What Does It Mean To Be 'Local' In Hawaii?
US President Barack Obama eats a shave ice at Island Snow in Kailua, Hawaii, January 3, 2011, on the last day of his two-week vacation. AFP PHOTO / Saul LOEB (Photo credit should read SAUL LOEB/AFP/Getty Images)
US President Barack Obama eats a shave ice at Island Snow in Kailua, Hawaii, January 3, 2011, on the last day of his two-week vacation. AFP PHOTO / Saul LOEB (Photo credit should read SAUL LOEB/AFP/Getty Images)

You eat Spam musubi. You call your elders “Auntie” or “Uncle.” You leave your slippers at the door wherever you go.

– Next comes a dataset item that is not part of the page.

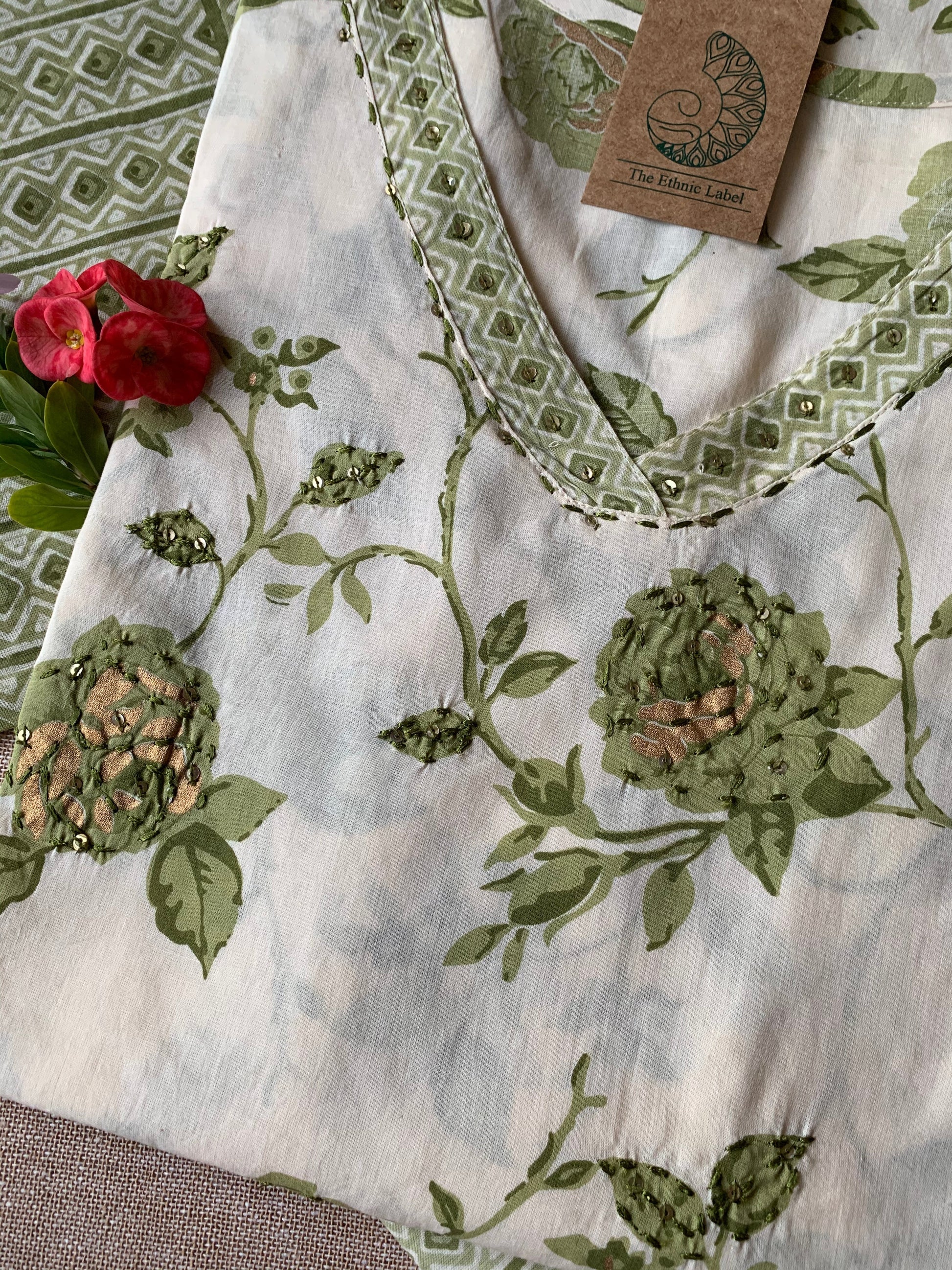 Cream Mehendi "Gold" Cotton Kurta Set with Dupatta - 3 pc

People in Hawaii talk a lot about what it means to be “local.” Maybe that’s partially because so many of us came from somewhere else.

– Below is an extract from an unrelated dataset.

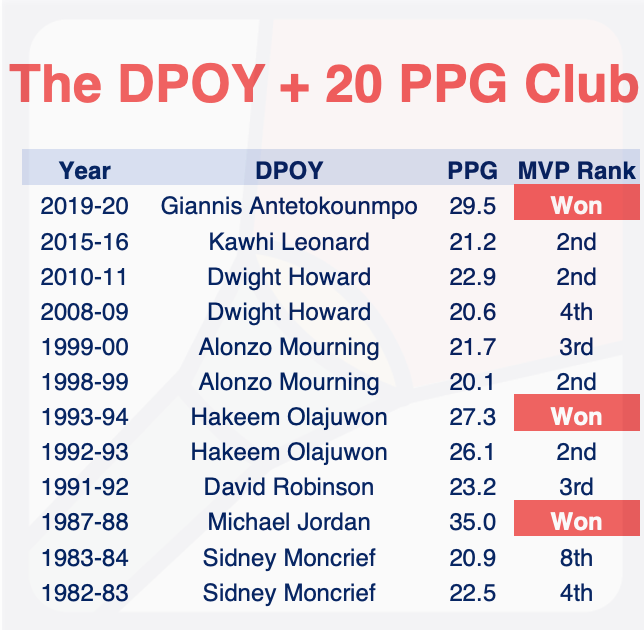 Of the last 10 DPOYs who averaged at least 20 points per game, three of them won MVP, four finished second, two placed third and one (Dwight Howard in 2008-09) didn’t medal, landing at fourth.

According to U.S. Census data, only 54.2 percent of people who live in Hawaii — including the military population — were actually born here. In most states, more than 60 percent of the population was born there. More than 75 percent of Louisiana, Michigan and Ohio residents were born in the states where they currently live.

Since barely more than half of us were born here, it might seem easy to ignore all that “local” talk.

The satirical TV show “South Park” lampooned it. “Our ancestors sailed here! On a cruise ship! Nine months ago!” deadpanned one character staking a claim to deep island roots in the “Going Native” episode.

But not everyone is laughing.

“Every few years, it seems like the media does an article about local identity or culture,” UH Ethnic Studies Professor Jonathan Okamura said. And most of these articles tend to simplify local culture down to whether you eat shave ice, he said.

As for the Census statistics, “being local does not mean that you were born and raised here,” Okamura said.

“If you have this appreciation of Hawaii, the land here, the people here and the cultures here, that’s what makes people local.”

“I think (being local) means spending a significant amount of time in the islands so you’re rooted in the community,” said Ty Tegan, chair of the University of Hawaii’s Ethnic Studies Department.

Tegan was born in Germany to military parents who were from Hawaii. He’s part-Native Hawaiian, but spent some of his childhood in Colorado and Georgia.

“A sense of localness is one that doesn’t erase Native Hawaiian history,” Tegan said.

When we define local based on whether or not we do stereotypical local things, we lose the deeper connection that brought together Native Hawaiians and other ethnic groups during the plantation era, he said. Celebrating the relationships between those ethnic groups means more than just speaking a little pidgin.

“I see local … as how invested they are at maintaining Hawaii as a unique place,” Tegan said.